We have many way to write our pipelines. Each approach have some problems. We need to use take in mind what we need to do.

Pipeline

Introduction

In Unix-like computer operating systems, a pipeline is a sequence of processes chained together by their standard streams, so that the output of each process (stdout) feeds directly as input (stdin) to the next one. The concept of pipelines was championed by Douglas McIlroy at Unix’s ancestral home of Bell Labs, during the development of Unix, shaping its toolbox philosophy.[1][2] It is named by analogy to a physical pipeline.

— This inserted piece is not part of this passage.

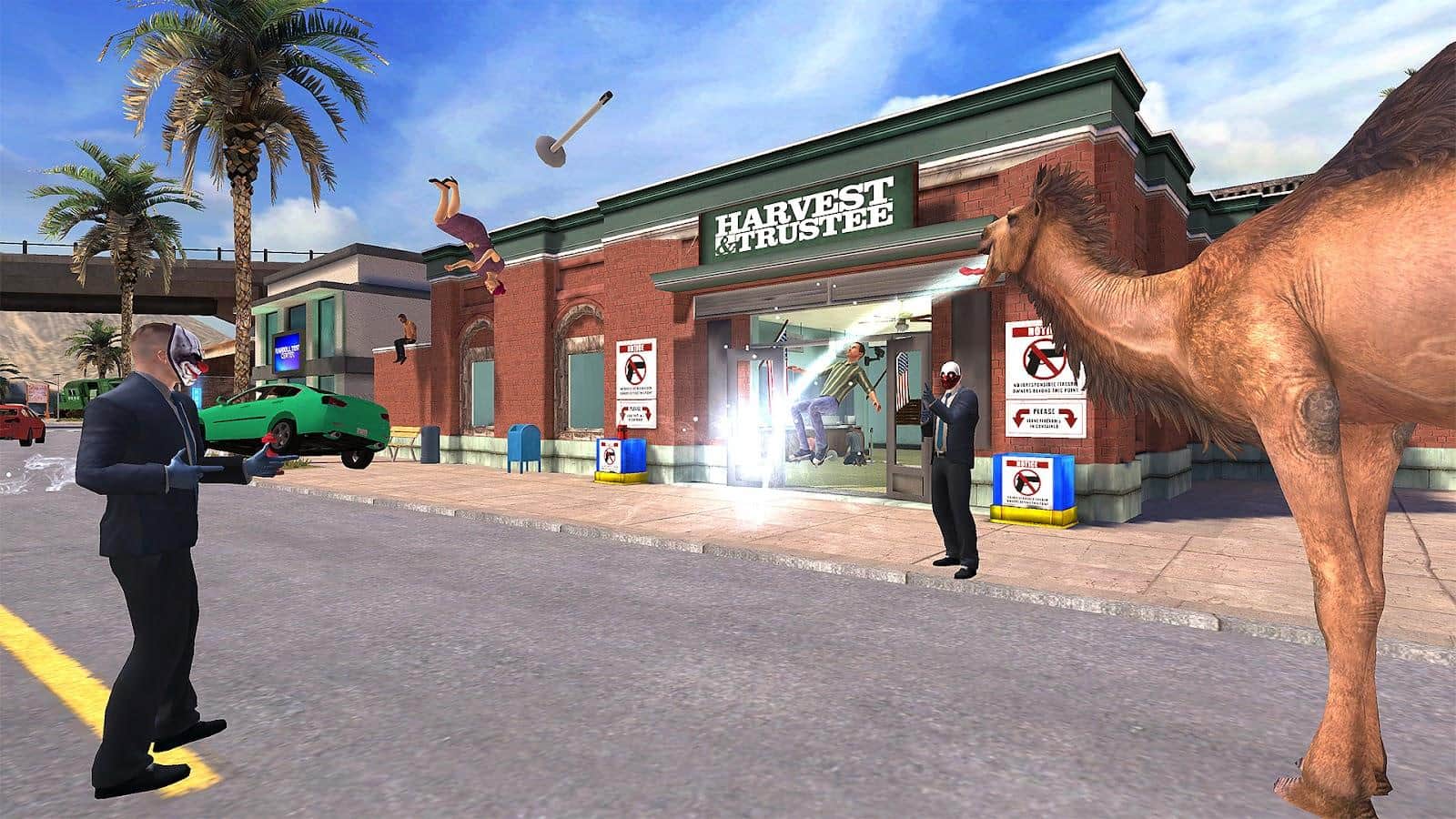 Keçi Simülatörü Soygun – hırsız çetesiyle birlikte hayvanat bahçesinden kaçacağınız harika bir android oyunu. Bu oyunda pembe flamingoyu, tekerlekli sandalyedeki yunusu, su tüküren deveyi ve keçiyi kontrol edeceksiniz. Bu oyundaki ana göreviniz hayvanat bahçesinden kaçmak ve bankayı soymak olacak. Banka baskınınızı planlayın ve çaldığınız paraları kahramanlar için yeni maskeler almakta harcayın, böylece polis sizi tanımasın. Bu oyundaki her kahramanın kendine özgü yetenekleri var; örneğin: flamingo uçabilir ve insanların zihinlerini kontrol edebilir, yunus herhangi bir yüzeye tekerlekli sandalye ile çıkabilir, ve deve su tükürebilir. Maskeler satın alın, pahalı arabaları çalın ve polisten kaçın.

The standard shell syntax for pipelines is to list multiple commands, separated by vertical bars (“pipes” in common Unix verbiage). For example, to list files in the current directory (ls), retain only the lines of ls output containing the string “key” (grep), and view the result in a scrolling page (less), a user types the following into the command line of a terminal:

ls -l | grep key | less

“ls -l” produces a process, the output (stdout) of which is piped to the input (stdin) of the process for “grep key”; and likewise for the process for “less”. Each process takes input from the previous process and produces output for the next process via standard streams. Each “

” tells the shell to connect the standard output of the command on the left to the standard input of the command on the right by an inter-process communication mechanism called an (anonymous) pipe, implemented in the operating system. Pipes are unidirectional; data flows through the pipeline from left to right.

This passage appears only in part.